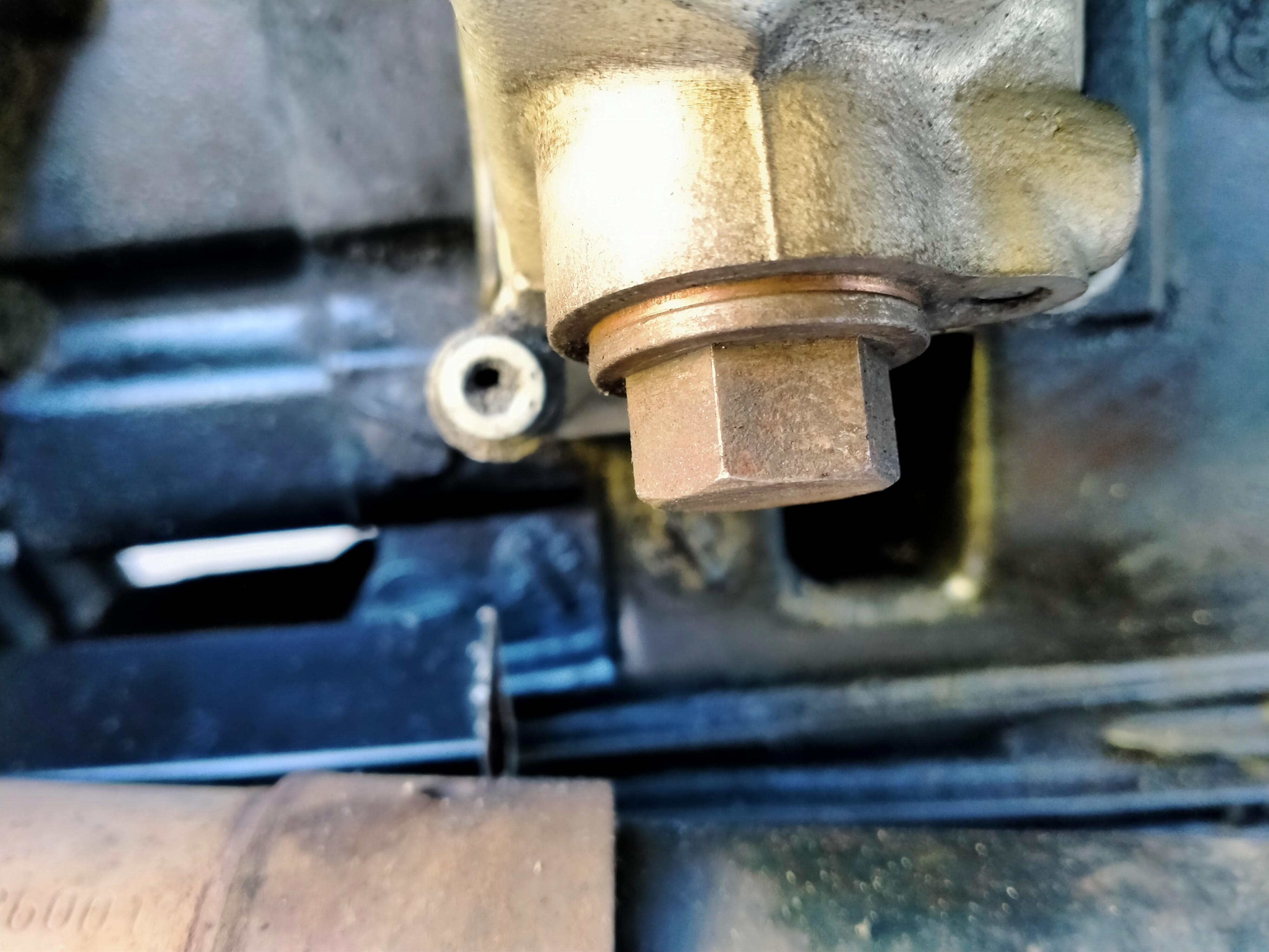 Ja dat is de kettingspanner van de distributieketting. Kan je loshalen , maar volgens mij hoort er geen pakking tussen. vastzetten 32Nm
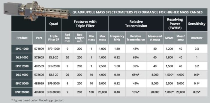 The Hiden cluster components include 9mm and 20mm pole diameter quadrupole assemblies with high-power RF operating at optimum frequency to accommodate high mass transmission required in cluster analysis.
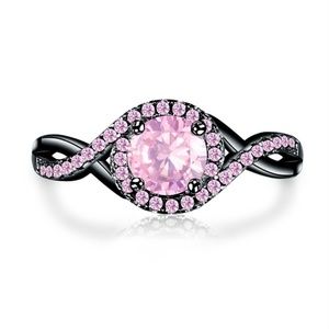 Black Rhodium & pink CZ swirl ring Size 6-9. Stunning pink ice CZ surrounded by a swirl of smaller light pink stones. Black rhodium finish on this really really makes it pop. Beautiful ring in Sizes 6-10.
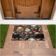 Gepersonaliseerde Halloween deurmat. Luchtkunst beeldt gruwelijk enge clowngezichten af met scherpe tanden en blanke ogen.
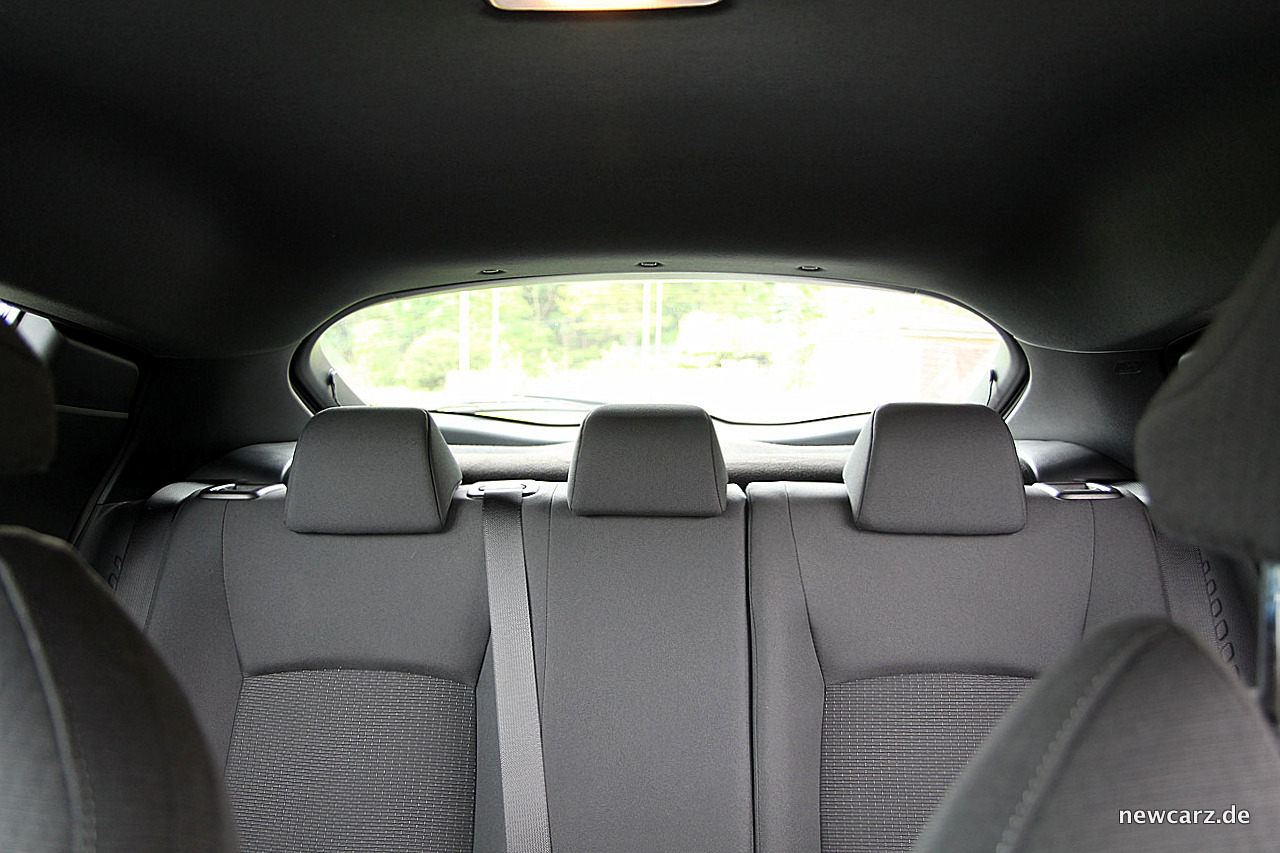 Die Platzverhältnisse nämlich sind auf den Vordersitzen noch großzügig, obwohl sie optisch aufgrund dieser Verwinklungen im Innenraum weniger Platz suggerieren, als letztendlich vorhanden ist. Hinten jedoch zollt man der designtechnischen Mannigfaltigkeit des Außenkleids deutlichen Tribut in Form von offensichtlichem Platzmangel.
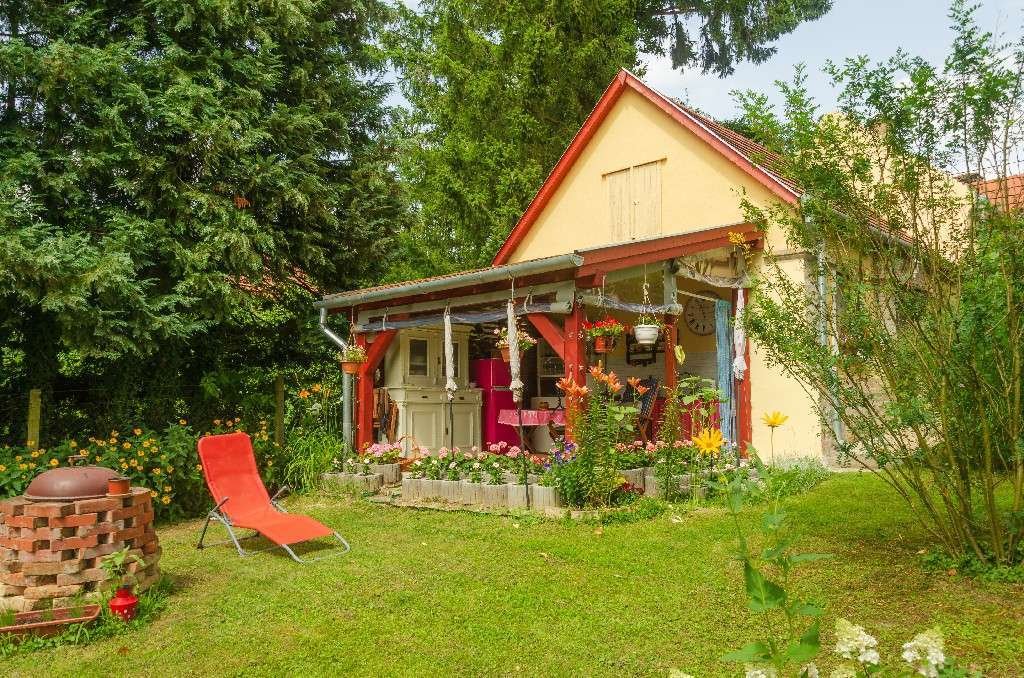 Am Ende des Hauses befindet sich eine 15 m2 große Sommerküche, die mit einer versenkbaren Plane ausgestattet ist. Das gesamte Grundstück ist mit Rasen bepflanzt, mit Obstbäumen, mehrjährigen Sträuchern und Blumen, die nicht anspruchsvoll in der Pflege sind. Das Grundstück ist insgesamt 2550 m2 groß und verfügt über einen 4,5 m2 großen Gartengeräteschuppen, einen überdachten Carport, ein elektrisches Tor, einen gegrabenen Ringbrunnen mit Pumpe.
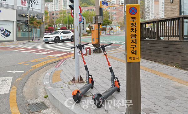 하지만 시는 지난해 10월 관련 조례를 제정했음에도 지역 내 공유 킥보드 주차 구역은 1년이 지난 지금까지도 지정되지 않아, 교차로·횡단보도·보도 등에서 무단 주차가 잇따르며 보행 불편과 안전 문제가 발생하고 있다.
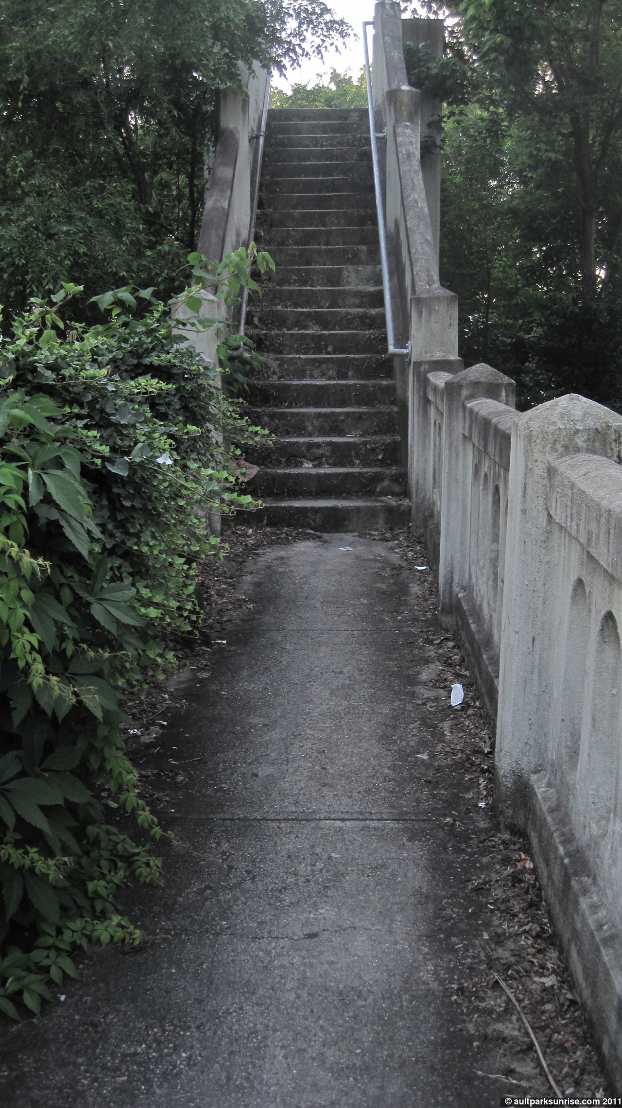 - Over the cement stairs, across the rail road, and over to Armleder Park
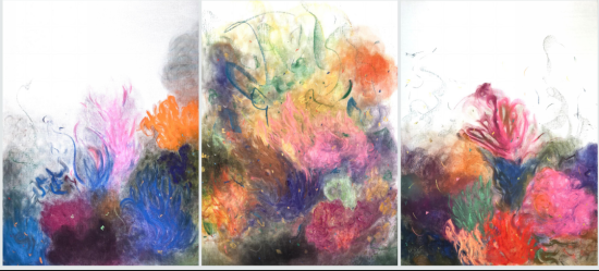 “花外之境”这一题目所指向的,并非花的外部世界,而是花之外、象之外的观看深处。在聂群慧的作品中,图像游移于具象与抽象之间:既保留花的形态暗示,又不断瓦解其确定性,使画面呈现出一种漂浮的状态——它既像记忆的残影,又像意识的回声,在若即若离之间生成独特的视觉张力。
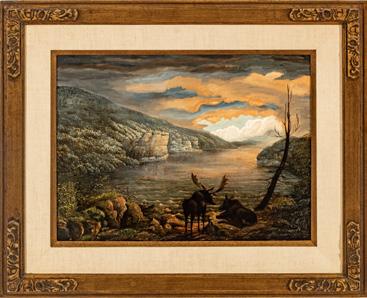 Primitive Oil On Canvas, Ca. 19th Century, Moose Resting By A Moonlit Lake., H 18” W 24”

_ _ _

From the line containing "Die Platzverhältnisse nämlich" to the final line of the entries, both included, transcribe every line exactly, omit the pictures, and add nothing more.

Exercise output
 Die Platzverhältnisse nämlich sind auf den Vordersitzen noch großzügig, obwohl sie optisch aufgrund dieser Verwinklungen im Innenraum weniger Platz suggerieren, als letztendlich vorhanden ist. Hinten jedoch zollt man der designtechnischen Mannigfaltigkeit des Außenkleids deutlichen Tribut in Form von offensichtlichem Platzmangel.
 Am Ende des Hauses befindet sich eine 15 m2 große Sommerküche, die mit einer versenkbaren Plane ausgestattet ist. Das gesamte Grundstück ist mit Rasen bepflanzt, mit Obstbäumen, mehrjährigen Sträuchern und Blumen, die nicht anspruchsvoll in der Pflege sind. Das Grundstück ist insgesamt 2550 m2 groß und verfügt über einen 4,5 m2 großen Gartengeräteschuppen, einen überdachten Carport, ein elektrisches Tor, einen gegrabenen Ringbrunnen mit Pumpe.
 하지만 시는 지난해 10월 관련 조례를 제정했음에도 지역 내 공유 킥보드 주차 구역은 1년이 지난 지금까지도 지정되지 않아, 교차로·횡단보도·보도 등에서 무단 주차가 잇따르며 보행 불편과 안전 문제가 발생하고 있다.
 - Over the cement stairs, across the rail road, and over to Armleder Park
 “花外之境”这一题目所指向的,并非花的外部世界,而是花之外、象之外的观看深处。在聂群慧的作品中,图像游移于具象与抽象之间:既保留花的形态暗示,又不断瓦解其确定性,使画面呈现出一种漂浮的状态——它既像记忆的残影,又像意识的回声,在若即若离之间生成独特的视觉张力。
 Primitive Oil On Canvas, Ca. 19th Century, Moose Resting By A Moonlit Lake., H 18” W 24”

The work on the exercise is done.